The following precomputed items are necessary and are also
returned, if still not previously precomputed:
  • classes (np.ndarray): distinct classes of y, if y is not NoneType.

  • class_freqs (np.ndarray): class frequencies of y, if y is not NoneType.

  • cls_inds (np.ndarray): Boolean array which indicates whether each example belongs to each class. The rows represents the distinct classes, and the instances are represented by the columns.

classmethod precompute_nearest_neighbors(N: ndarray, y: Optional[ndarray] = None, n_neighbors: Optional[int] = None, dist_metric: str = 'euclidean', **kwargs) Dict[str, Any][source]

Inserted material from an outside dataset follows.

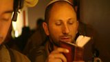 3/4Levi challenges Cornish pasty eaters in Falmouth to try his golden vegetable patties.

Precompute the n_neighbors Nearest Neighbors of every instance.

Parameters
Nnp.ndarray

Numerical fitted data.

ynp.ndarray, optional

Instance cluster index (or target attribute).

n_neighborsint, optional

Number of nearest neighbors returned for each instance.

dist_metricstr, optional

The distance metric used to calculate the distances between instances. Check sklearn.neighbors.DistanceMetric documentation for a full list of valid distance metrics.

**kwargs

Additional arguments. May have previously precomputed before this method from other precomputed methods, so they can help speed up this precomputation.

Returns
dict
The following precomputed items are returned:
  • pairwise_intracls_dists (np.ndarray): distance between each distinct pair of instances of the same class.